- [RECORDS FOR THE EXERCISE]:
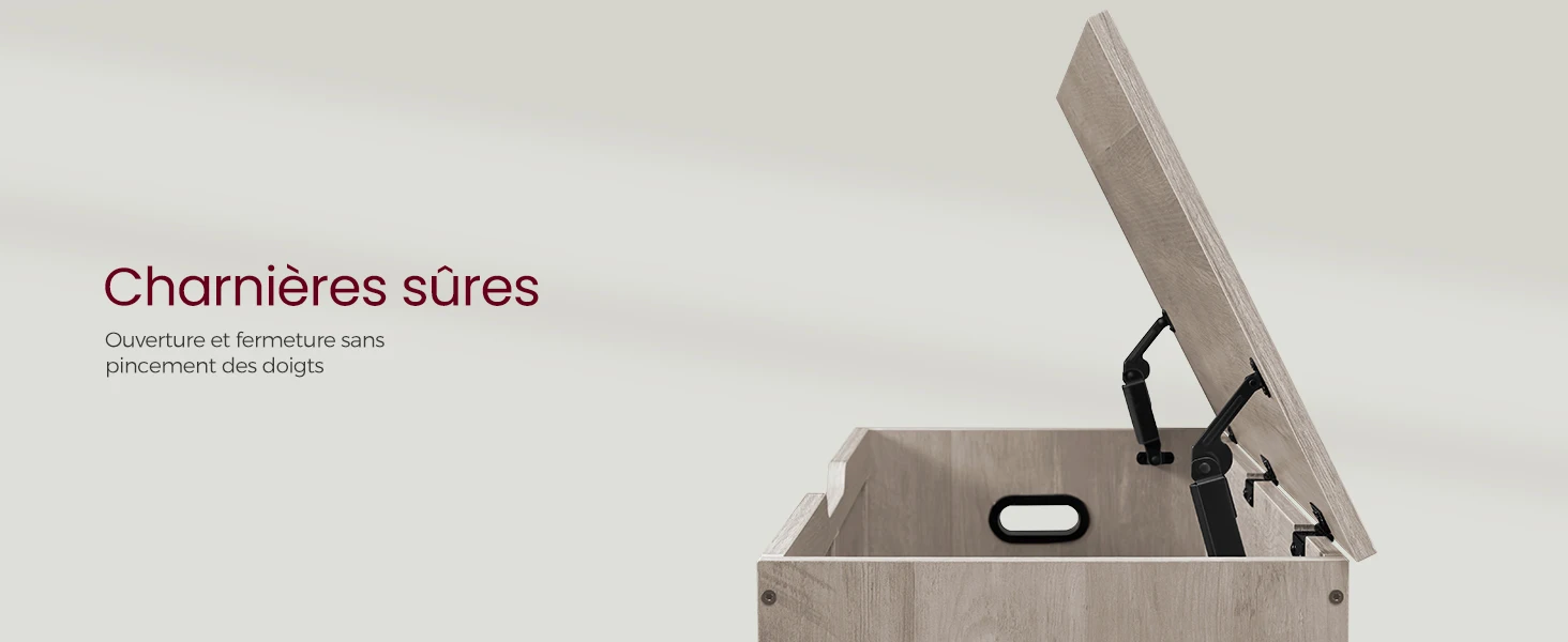 【2 CHARNIÈRE POUR PLUS DE SÉCURITÉ】2 charnières solides permettent au couvercle de ce banc de rangement de rester ouvert en toute sécurité à n’importe quel angle,en évitant de se pincer les doigts
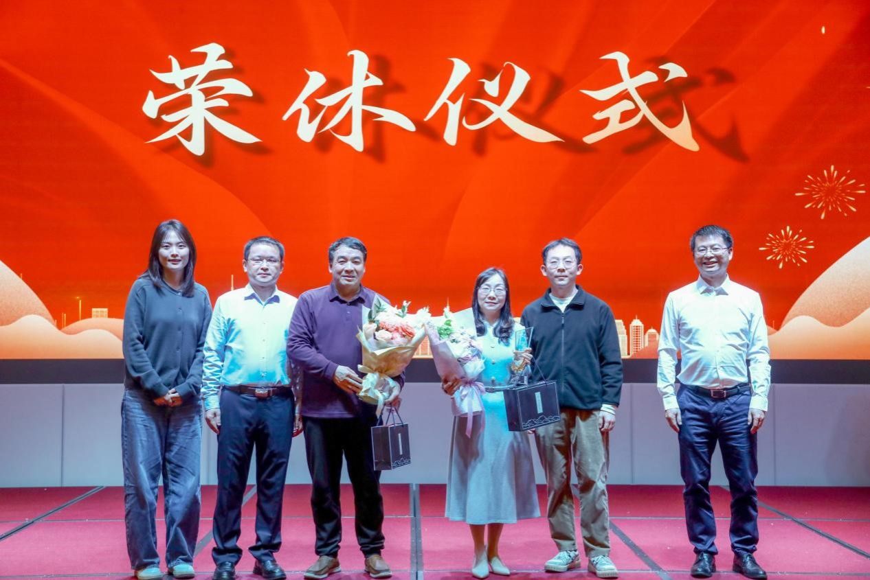 联欢会在庄重温馨的荣休仪式中拉开帷幕。学院党委书记熊剑峰、副院长吕双伟(主持工作)为荣休教师张良田、周葵葵颁发了荣休水晶纪念奖杯与纪念礼品,教师代表向两位老师献上鲜花。张良田、周葵葵老师深情发表了荣休感言,回顾数十载执教生涯,言语中满含对教育事业与学院深厚的热爱。熊剑峰书记代表学院向荣休教师致以崇高敬意和衷心祝福,现场掌声不断,温情涌动。
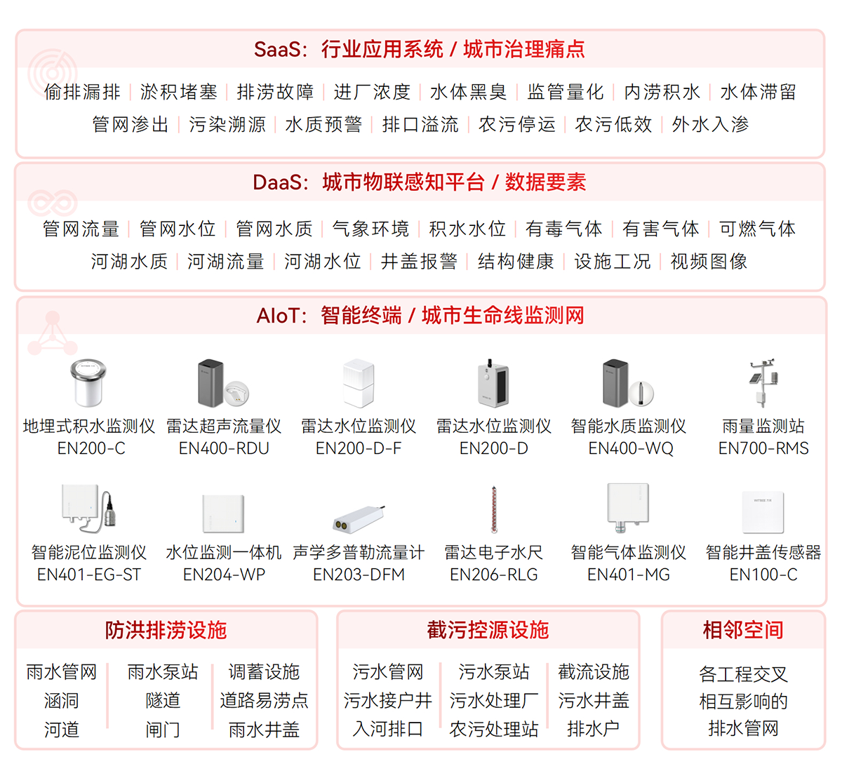 對排水設(shè)施(雨污水管網(wǎng)、窨井蓋、截流泵站、提升泵站、抽水泵站、農(nóng)村污水處理站、溢流井、排水井、污水處理廠、調(diào)蓄設(shè)施等)關(guān)鍵節(jié)點、易澇積水點,河湖水位、流速,管網(wǎng)液位、流速、水質(zhì),內(nèi)澇積水等指標(biāo)進行實時數(shù)據(jù)監(jiān)測,形成設(shè)施完整、拓撲清晰、位置準(zhǔn)確的排水設(shè)施“一張圖”,為排水空間規(guī)劃、設(shè)計、排水設(shè)施改造提供決策支持。
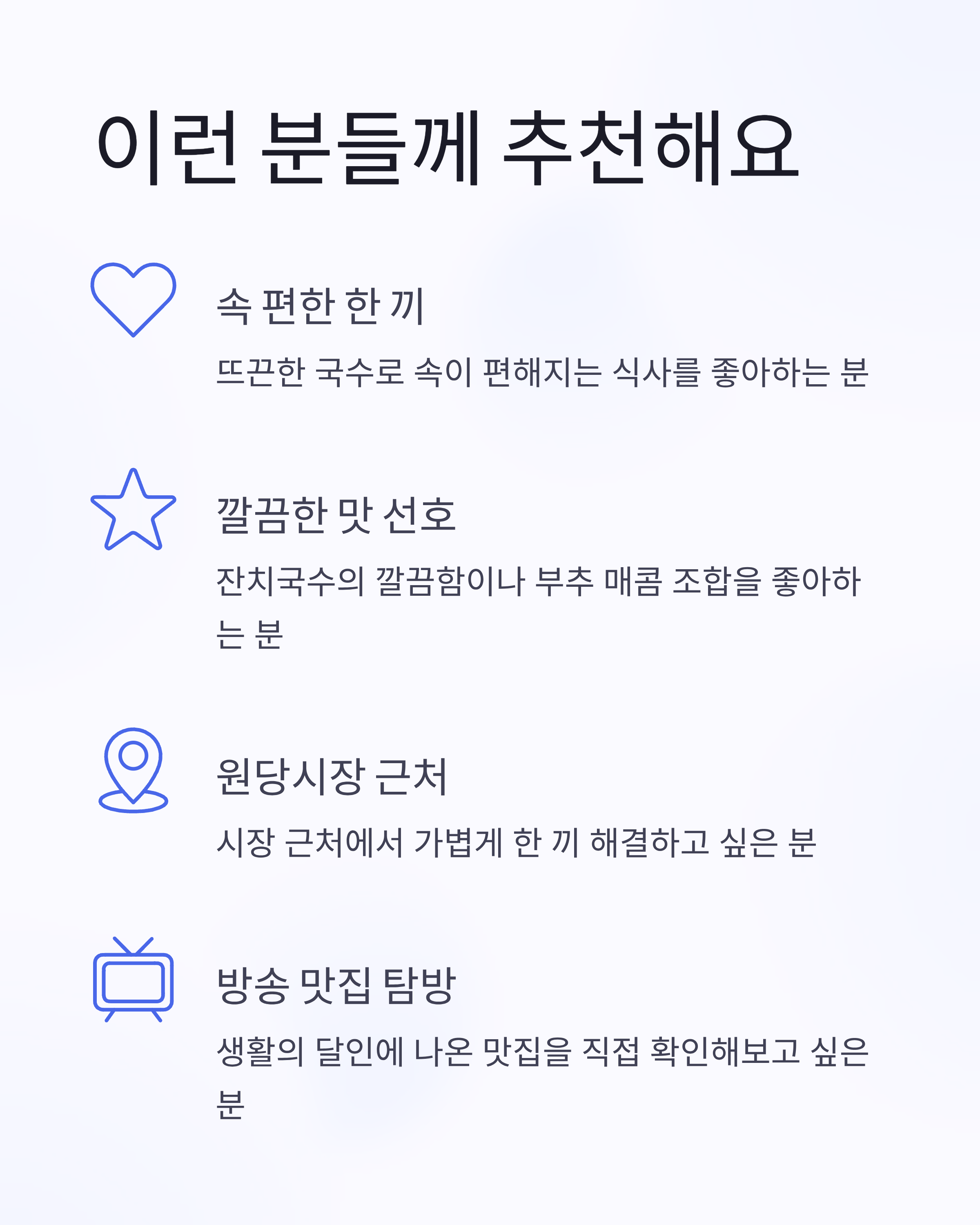 방송 이후로 “국수 한 그릇이 왜 이렇게 궁금하지?” 싶은 분들이 확 늘었죠. 특히 원당시장 근처에서 국수 맛집을 찾는 분들이라면 한 번쯤 리스트에 넣어보게 되는 곳이에요.
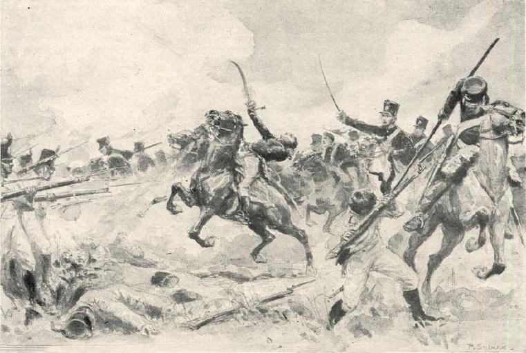 Keywords: Dibujo batalla de Maipú.jpg es Dibujo de Pedro Subercaseaux de la Batalla de Maipú La Batalla de Maipú fue un enfrentamiento armado que tuvo lugar el 5 de abril de 1818 en el valle del Maipo cercano a Santiago de Chile entre las fuerzas patriotas revolucionarias conformadas por soldados argentinos de las Provincias Unidas y soldados del Ejercito de Chile contra los realistas el cual decidió la Independencia de Chile y en gran parte la del Cono Sur Se enfrentaron el Ejército Unido coalición del Ejercito de los Andes y el Ejercito Chileno al mando del general en jefe José de San Martín contra el ejército realista bajo las órdenes del general Mariano Osorio http //www memoriachilena cl/archivos2/pdfs/MC0026230 pdf Creator Pedro Subercaseaux Abril 1910-1911 PD-Chile Pedro Subercaseaux Errázuriz Battle of Maipú |
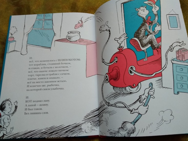 Книга слегка ошарашила размерами... Нет, она не выделяется среди книг большого формата, но я-то ожидала небольшую аккуратненькую книжицу, как наш Слон Хортон из первого тиража, который легко входит в любую сумку или рюкзак. Ну и ладно, зато шрифт крупный и воздуха на страницах - более чем ) Кот - провокатор и подстрекатель больше всего нравится мне тем, что убирает за собой. Все бы так, чтоб не надо было спрашивать: "Был на квартиру налет? К нам заходил бегемот?"
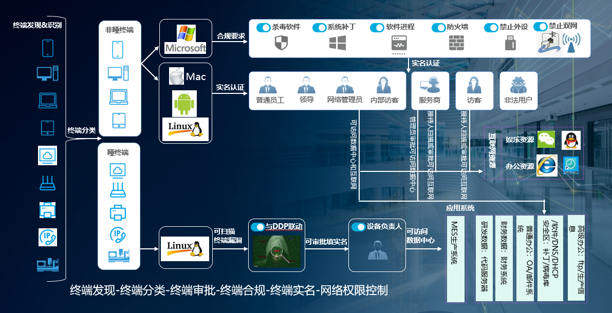 SMP+能够自动发现全网终端,并且智能根据终端的类型(自动却分普通终端与哑终端),决定是否需要实名认证,或是需要通过“中通宝盒”扫描二维码入网和自动审批入网。例如:对哑终端进行合规放行,直接进行审批准入,快速而便利,可以无须实名,避免了用户名密码输入;对Windows终端进行病毒防御策略检测,包括杀毒软件安装检测与推送、不合规软件安装检测、系统补丁检测与推送,防火墙开启检测、外设管控等策略。

- [HOW TO COMPLETE THIS TASK]: Copy nothing but the lines from the top of the data down to the line containing "联欢会在庄重温馨的荣休仪式中", and leave the pictures out.

- [COMPLETED EXERCISE]:
 【2 CHARNIÈRE POUR PLUS DE SÉCURITÉ】2 charnières solides permettent au couvercle de ce banc de rangement de rester ouvert en toute sécurité à n’importe quel angle,en évitant de se pincer les doigts
 联欢会在庄重温馨的荣休仪式中拉开帷幕。学院党委书记熊剑峰、副院长吕双伟(主持工作)为荣休教师张良田、周葵葵颁发了荣休水晶纪念奖杯与纪念礼品,教师代表向两位老师献上鲜花。张良田、周葵葵老师深情发表了荣休感言,回顾数十载执教生涯,言语中满含对教育事业与学院深厚的热爱。熊剑峰书记代表学院向荣休教师致以崇高敬意和衷心祝福,现场掌声不断,温情涌动。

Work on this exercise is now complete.